BEGIN
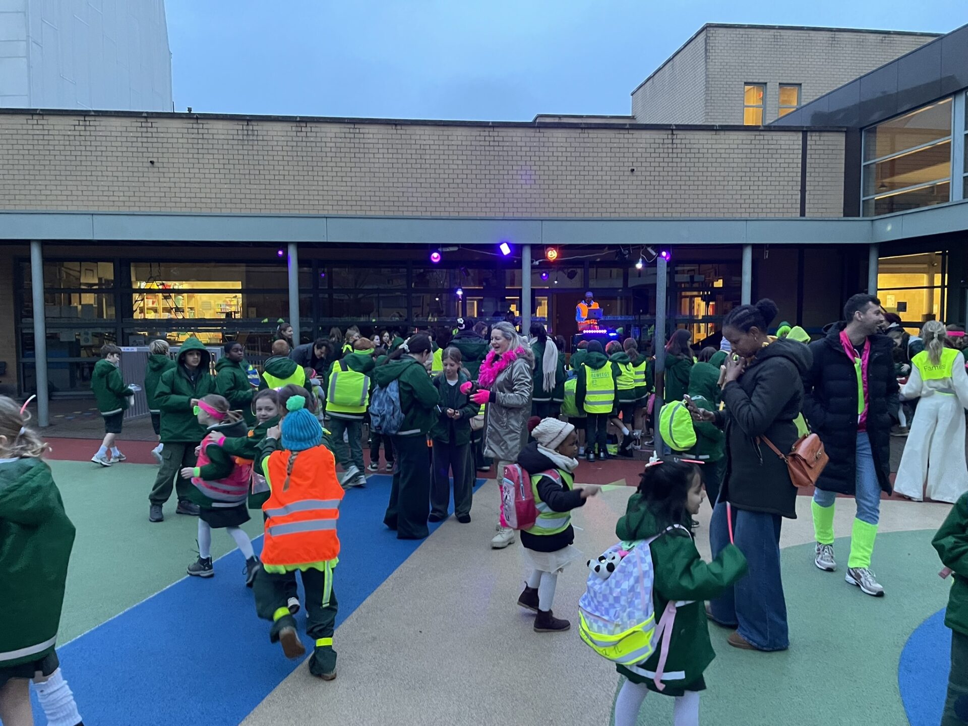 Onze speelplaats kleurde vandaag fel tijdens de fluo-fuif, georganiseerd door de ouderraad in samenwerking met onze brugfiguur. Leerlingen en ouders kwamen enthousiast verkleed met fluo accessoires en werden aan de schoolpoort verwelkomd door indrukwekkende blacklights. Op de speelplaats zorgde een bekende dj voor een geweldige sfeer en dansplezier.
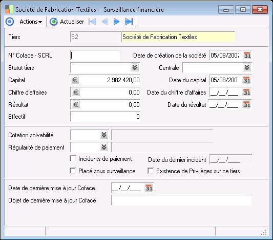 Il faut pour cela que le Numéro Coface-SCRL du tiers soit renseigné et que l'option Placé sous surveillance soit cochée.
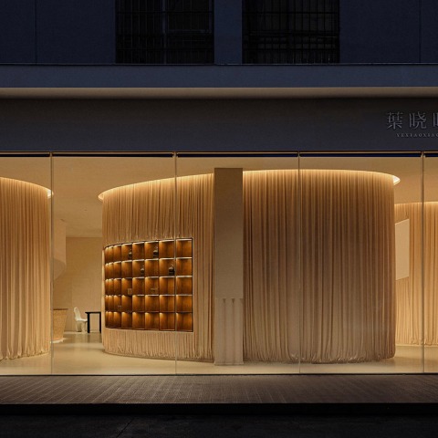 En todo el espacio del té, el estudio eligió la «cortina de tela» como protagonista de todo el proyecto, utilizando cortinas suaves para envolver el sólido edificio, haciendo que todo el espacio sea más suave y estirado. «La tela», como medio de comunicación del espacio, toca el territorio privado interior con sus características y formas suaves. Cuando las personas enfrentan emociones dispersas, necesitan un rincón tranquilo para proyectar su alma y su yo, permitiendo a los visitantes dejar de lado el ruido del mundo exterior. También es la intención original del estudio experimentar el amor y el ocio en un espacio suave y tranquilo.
END
Task prompt
Without copying any picture, repeat the full listing above word for word.

Written answer
 Onze speelplaats kleurde vandaag fel tijdens de fluo-fuif, georganiseerd door de ouderraad in samenwerking met onze brugfiguur. Leerlingen en ouders kwamen enthousiast verkleed met fluo accessoires en werden aan de schoolpoort verwelkomd door indrukwekkende blacklights. Op de speelplaats zorgde een bekende dj voor een geweldige sfeer en dansplezier.
 Il faut pour cela que le Numéro Coface-SCRL du tiers soit renseigné et que l'option Placé sous surveillance soit cochée.
 En todo el espacio del té, el estudio eligió la «cortina de tela» como protagonista de todo el proyecto, utilizando cortinas suaves para envolver el sólido edificio, haciendo que todo el espacio sea más suave y estirado. «La tela», como medio de comunicación del espacio, toca el territorio privado interior con sus características y formas suaves. Cuando las personas enfrentan emociones dispersas, necesitan un rincón tranquilo para proyectar su alma y su yo, permitiendo a los visitantes dejar de lado el ruido del mundo exterior. También es la intención original del estudio experimentar el amor y el ocio en un espacio suave y tranquilo.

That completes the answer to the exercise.